> [Required action] Please retype every entry below, keeping it exactly the same.

Excerpts from a dataset
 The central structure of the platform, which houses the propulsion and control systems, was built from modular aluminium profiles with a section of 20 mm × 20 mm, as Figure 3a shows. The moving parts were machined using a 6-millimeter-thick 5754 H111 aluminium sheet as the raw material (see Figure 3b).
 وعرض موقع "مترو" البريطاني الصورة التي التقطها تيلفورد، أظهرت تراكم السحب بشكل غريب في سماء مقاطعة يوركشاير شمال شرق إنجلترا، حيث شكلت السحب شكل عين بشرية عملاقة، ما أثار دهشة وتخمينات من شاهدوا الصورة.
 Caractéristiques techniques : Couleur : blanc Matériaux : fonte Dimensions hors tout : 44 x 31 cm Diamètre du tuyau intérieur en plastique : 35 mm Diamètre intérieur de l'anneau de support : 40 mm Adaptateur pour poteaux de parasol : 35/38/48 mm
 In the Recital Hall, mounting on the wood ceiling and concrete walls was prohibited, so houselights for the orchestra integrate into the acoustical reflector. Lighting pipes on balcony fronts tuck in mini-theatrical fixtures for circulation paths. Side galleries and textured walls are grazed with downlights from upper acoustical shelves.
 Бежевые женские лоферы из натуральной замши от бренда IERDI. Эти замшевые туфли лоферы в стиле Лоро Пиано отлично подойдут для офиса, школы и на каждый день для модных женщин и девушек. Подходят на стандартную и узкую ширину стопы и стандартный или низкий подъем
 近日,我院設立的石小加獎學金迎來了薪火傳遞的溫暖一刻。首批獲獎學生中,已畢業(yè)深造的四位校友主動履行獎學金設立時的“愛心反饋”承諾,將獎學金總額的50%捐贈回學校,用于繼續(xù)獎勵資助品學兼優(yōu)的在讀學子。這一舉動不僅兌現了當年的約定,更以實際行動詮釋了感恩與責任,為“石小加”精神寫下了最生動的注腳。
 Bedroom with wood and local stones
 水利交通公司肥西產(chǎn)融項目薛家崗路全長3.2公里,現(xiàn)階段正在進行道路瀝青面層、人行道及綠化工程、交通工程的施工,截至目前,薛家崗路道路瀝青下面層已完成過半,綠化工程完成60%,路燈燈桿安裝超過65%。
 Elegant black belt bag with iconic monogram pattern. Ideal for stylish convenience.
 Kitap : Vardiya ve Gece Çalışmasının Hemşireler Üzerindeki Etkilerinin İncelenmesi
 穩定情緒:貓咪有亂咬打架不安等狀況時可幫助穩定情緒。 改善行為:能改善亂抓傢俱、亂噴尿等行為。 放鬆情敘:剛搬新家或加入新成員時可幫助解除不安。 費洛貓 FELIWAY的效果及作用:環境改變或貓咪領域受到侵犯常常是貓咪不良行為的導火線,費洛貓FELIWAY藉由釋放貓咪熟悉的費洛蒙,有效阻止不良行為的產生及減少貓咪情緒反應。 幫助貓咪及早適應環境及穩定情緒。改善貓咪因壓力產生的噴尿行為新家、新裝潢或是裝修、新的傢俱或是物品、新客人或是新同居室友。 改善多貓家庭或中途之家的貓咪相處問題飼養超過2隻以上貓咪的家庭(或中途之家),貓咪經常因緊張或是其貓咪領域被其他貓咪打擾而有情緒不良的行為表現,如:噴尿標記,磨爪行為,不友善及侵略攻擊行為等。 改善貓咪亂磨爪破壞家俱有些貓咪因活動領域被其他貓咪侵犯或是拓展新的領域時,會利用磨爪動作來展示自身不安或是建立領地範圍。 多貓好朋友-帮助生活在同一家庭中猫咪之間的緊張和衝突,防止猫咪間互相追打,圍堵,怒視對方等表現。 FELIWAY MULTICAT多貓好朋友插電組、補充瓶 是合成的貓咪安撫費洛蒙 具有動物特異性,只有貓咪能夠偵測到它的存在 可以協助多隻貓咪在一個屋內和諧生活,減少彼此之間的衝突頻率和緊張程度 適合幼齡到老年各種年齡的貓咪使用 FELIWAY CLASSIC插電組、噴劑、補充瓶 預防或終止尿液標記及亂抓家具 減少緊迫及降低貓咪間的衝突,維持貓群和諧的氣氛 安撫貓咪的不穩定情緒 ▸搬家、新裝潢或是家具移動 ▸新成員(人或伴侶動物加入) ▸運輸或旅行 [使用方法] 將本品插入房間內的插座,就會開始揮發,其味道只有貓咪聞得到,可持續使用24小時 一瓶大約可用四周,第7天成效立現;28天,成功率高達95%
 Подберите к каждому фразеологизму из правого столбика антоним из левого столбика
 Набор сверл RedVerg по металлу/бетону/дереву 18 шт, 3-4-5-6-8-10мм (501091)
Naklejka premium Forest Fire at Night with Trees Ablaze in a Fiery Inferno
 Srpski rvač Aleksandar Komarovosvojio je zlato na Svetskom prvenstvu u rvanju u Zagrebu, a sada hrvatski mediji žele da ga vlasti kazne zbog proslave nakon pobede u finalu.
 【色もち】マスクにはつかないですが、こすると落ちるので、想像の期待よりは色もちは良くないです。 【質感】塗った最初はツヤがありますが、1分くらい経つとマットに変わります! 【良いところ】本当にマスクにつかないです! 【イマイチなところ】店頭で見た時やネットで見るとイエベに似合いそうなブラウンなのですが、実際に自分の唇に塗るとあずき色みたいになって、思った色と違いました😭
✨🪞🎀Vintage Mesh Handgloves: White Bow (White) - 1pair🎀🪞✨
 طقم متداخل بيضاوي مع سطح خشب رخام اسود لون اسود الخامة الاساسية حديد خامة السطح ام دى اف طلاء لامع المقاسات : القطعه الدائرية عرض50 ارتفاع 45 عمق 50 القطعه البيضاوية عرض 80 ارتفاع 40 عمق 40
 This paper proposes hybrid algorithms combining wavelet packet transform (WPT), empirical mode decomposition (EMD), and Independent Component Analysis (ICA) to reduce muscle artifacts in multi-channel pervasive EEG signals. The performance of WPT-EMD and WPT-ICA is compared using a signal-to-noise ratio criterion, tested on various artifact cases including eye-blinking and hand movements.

> [Output below]
 The central structure of the platform, which houses the propulsion and control systems, was built from modular aluminium profiles with a section of 20 mm × 20 mm, as Figure 3a shows. The moving parts were machined using a 6-millimeter-thick 5754 H111 aluminium sheet as the raw material (see Figure 3b).
 وعرض موقع "مترو" البريطاني الصورة التي التقطها تيلفورد، أظهرت تراكم السحب بشكل غريب في سماء مقاطعة يوركشاير شمال شرق إنجلترا، حيث شكلت السحب شكل عين بشرية عملاقة، ما أثار دهشة وتخمينات من شاهدوا الصورة.
 Caractéristiques techniques : Couleur : blanc Matériaux : fonte Dimensions hors tout : 44 x 31 cm Diamètre du tuyau intérieur en plastique : 35 mm Diamètre intérieur de l'anneau de support : 40 mm Adaptateur pour poteaux de parasol : 35/38/48 mm
 In the Recital Hall, mounting on the wood ceiling and concrete walls was prohibited, so houselights for the orchestra integrate into the acoustical reflector. Lighting pipes on balcony fronts tuck in mini-theatrical fixtures for circulation paths. Side galleries and textured walls are grazed with downlights from upper acoustical shelves.
 Бежевые женские лоферы из натуральной замши от бренда IERDI. Эти замшевые туфли лоферы в стиле Лоро Пиано отлично подойдут для офиса, школы и на каждый день для модных женщин и девушек. Подходят на стандартную и узкую ширину стопы и стандартный или низкий подъем
 近日,我院設立的石小加獎學金迎來了薪火傳遞的溫暖一刻。首批獲獎學生中,已畢業(yè)深造的四位校友主動履行獎學金設立時的“愛心反饋”承諾,將獎學金總額的50%捐贈回學校,用于繼續(xù)獎勵資助品學兼優(yōu)的在讀學子。這一舉動不僅兌現了當年的約定,更以實際行動詮釋了感恩與責任,為“石小加”精神寫下了最生動的注腳。
 Bedroom with wood and local stones
 水利交通公司肥西產(chǎn)融項目薛家崗路全長3.2公里,現(xiàn)階段正在進行道路瀝青面層、人行道及綠化工程、交通工程的施工,截至目前,薛家崗路道路瀝青下面層已完成過半,綠化工程完成60%,路燈燈桿安裝超過65%。
 Elegant black belt bag with iconic monogram pattern. Ideal for stylish convenience.
 Kitap : Vardiya ve Gece Çalışmasının Hemşireler Üzerindeki Etkilerinin İncelenmesi
 穩定情緒:貓咪有亂咬打架不安等狀況時可幫助穩定情緒。 改善行為:能改善亂抓傢俱、亂噴尿等行為。 放鬆情敘:剛搬新家或加入新成員時可幫助解除不安。 費洛貓 FELIWAY的效果及作用:環境改變或貓咪領域受到侵犯常常是貓咪不良行為的導火線,費洛貓FELIWAY藉由釋放貓咪熟悉的費洛蒙,有效阻止不良行為的產生及減少貓咪情緒反應。 幫助貓咪及早適應環境及穩定情緒。改善貓咪因壓力產生的噴尿行為新家、新裝潢或是裝修、新的傢俱或是物品、新客人或是新同居室友。 改善多貓家庭或中途之家的貓咪相處問題飼養超過2隻以上貓咪的家庭(或中途之家),貓咪經常因緊張或是其貓咪領域被其他貓咪打擾而有情緒不良的行為表現,如:噴尿標記,磨爪行為,不友善及侵略攻擊行為等。 改善貓咪亂磨爪破壞家俱有些貓咪因活動領域被其他貓咪侵犯或是拓展新的領域時,會利用磨爪動作來展示自身不安或是建立領地範圍。 多貓好朋友-帮助生活在同一家庭中猫咪之間的緊張和衝突,防止猫咪間互相追打,圍堵,怒視對方等表現。 FELIWAY MULTICAT多貓好朋友插電組、補充瓶 是合成的貓咪安撫費洛蒙 具有動物特異性,只有貓咪能夠偵測到它的存在 可以協助多隻貓咪在一個屋內和諧生活,減少彼此之間的衝突頻率和緊張程度 適合幼齡到老年各種年齡的貓咪使用 FELIWAY CLASSIC插電組、噴劑、補充瓶 預防或終止尿液標記及亂抓家具 減少緊迫及降低貓咪間的衝突,維持貓群和諧的氣氛 安撫貓咪的不穩定情緒 ▸搬家、新裝潢或是家具移動 ▸新成員(人或伴侶動物加入) ▸運輸或旅行 [使用方法] 將本品插入房間內的插座,就會開始揮發,其味道只有貓咪聞得到,可持續使用24小時 一瓶大約可用四周,第7天成效立現;28天,成功率高達95%
 Подберите к каждому фразеологизму из правого столбика антоним из левого столбика
 Набор сверл RedVerg по металлу/бетону/дереву 18 шт, 3-4-5-6-8-10мм (501091)
Naklejka premium Forest Fire at Night with Trees Ablaze in a Fiery Inferno
 Srpski rvač Aleksandar Komarovosvojio je zlato na Svetskom prvenstvu u rvanju u Zagrebu, a sada hrvatski mediji žele da ga vlasti kazne zbog proslave nakon pobede u finalu.
 【色もち】マスクにはつかないですが、こすると落ちるので、想像の期待よりは色もちは良くないです。 【質感】塗った最初はツヤがありますが、1分くらい経つとマットに変わります! 【良いところ】本当にマスクにつかないです! 【イマイチなところ】店頭で見た時やネットで見るとイエベに似合いそうなブラウンなのですが、実際に自分の唇に塗るとあずき色みたいになって、思った色と違いました😭
✨🪞🎀Vintage Mesh Handgloves: White Bow (White) - 1pair🎀🪞✨
 طقم متداخل بيضاوي مع سطح خشب رخام اسود لون اسود الخامة الاساسية حديد خامة السطح ام دى اف طلاء لامع المقاسات : القطعه الدائرية عرض50 ارتفاع 45 عمق 50 القطعه البيضاوية عرض 80 ارتفاع 40 عمق 40
 This paper proposes hybrid algorithms combining wavelet packet transform (WPT), empirical mode decomposition (EMD), and Independent Component Analysis (ICA) to reduce muscle artifacts in multi-channel pervasive EEG signals. The performance of WPT-EMD and WPT-ICA is compared using a signal-to-noise ratio criterion, tested on various artifact cases including eye-blinking and hand movements.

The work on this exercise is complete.